I suspect that with prolonged Internet exposure, almost everyone is bound to gain some sort of messed up view of relationships. An unlucky combination of too much exposure and too little luck finding love can lead to the choice to kill off their love. However, I think that "Internet bad" is simply not representative enough of the situation. What about the people who've done all they can to avoid the rotting, corrosive parts of the Internet and still think this way? What are those people to do when they find themselves in a circle of coworkers, friends, or even family who have been fed so much bad information from the Internet? Now, everything bad that our Internet-avoiding person has tried to avoid is staring them in the face every day. They have a concrete example of the exact issues that made them throw their phone into a wall in the first place. The constant exposure to gender wars alone can absolutely rot a person and their ability to love. Logging off of the Internet is simply not enough to avoid the effects of this all. The effects are everywhere, all the time, spread among almost all of the people you know.

What should someone stuck in a group like this do? This person is in a worse and more dangerous situation than someone simply exposed to it through a screen. They have no counter example. Love starts dying not in relationships, but in friendships. They surely won't support their growth. They'll surely give the worst advice and commentary known to mankind: "At least he's prettier than the ones before him! But he's not controllable enough! And, honestly, he's not really tall enough either! Men grow on trees, and you're definitely attractive enough to find someone better!"

Should they stop talking to this circle? Not necessarily. Yes, it is true: this circle may not help them grow. Yes, this circle might damage them if they can't learn how to filter what they hear. But by leaving this circle, the exact mindset that everyone is replaceable is fed into. "This circle of friends isn't fitting my needs, so I should simply find another". No! This is exactly how love never gets the chance to come alive again. Talking to this group will undoubtedly cause more pain, but if someone cannot survive exposure to the idea that people are replaceable, then they will not be able to resurrect their love. In fact, someone stuck in this situation now has the most important and least enviable position of all: they should help teach the others how to love through example. The idea of love can be kept alive by constantly showing it. When someone in the group is heartbroken after a miserable one night stand, they must come to their aid. When someone is considering cutting off a friend of ten years due to a bad vacation together, they absolutely must be the voice of reason against it. All as gently and as lovingly as possible, and without judgement. This is extremely painful to do. And, to make it worse, this will almost certainly become the position of someone trying to resurrect love in themselves eventually. But, without showing it to others, they will never be able to regain it. Learning how to show love in these unfavorable conditions is exactly how someone's opinion of it can slowly be repaired and revived.

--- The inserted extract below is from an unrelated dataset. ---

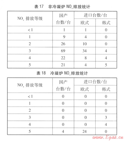 表16中,l級(jí)最差,5級(jí)最好。非冷凝爐N0x排放統(tǒng)計(jì)見(jiàn)表l7,冷凝爐N0x排放統(tǒng)計(jì)見(jiàn)表1 8。
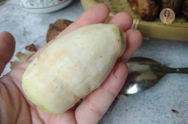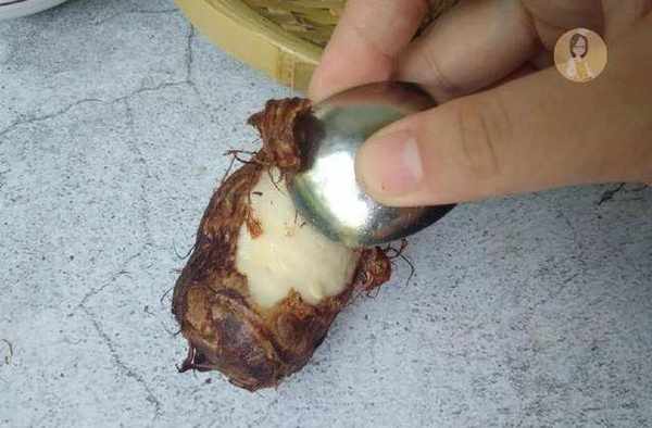 取一把不銹鋼勺子,如圖所示可以很容易去除芋艿的表皮。

Perhaps this makes me look naive or innocent. I can already imagine an older jaded reader thinking that I truly don't understand how bad the situation is, and that it's impossible to rely on the natural goodwill of people. I have already received this complaint. I will be blunt: If this is your opinion, this was written precisely for you. I do not think that people are naturally good at heart, and this is exactly why the idea of love has rotted so far in the first place. I think that people have to be taught how to live with heart and conscience, and that we have a responsibility to at least try to teach this. We are not failures if we do not succeed, but not trying is exactly the same as leaving that same cat from earlier to starve.

I have never felt as miserable and as bitter as when I placed conditions on my ability to love. Choosing not to love breaks your ability to function and robs you of your potential happiness. You need to believe in love in order to reach your full happiness. And with that, I will leave the soapbox alone for some time.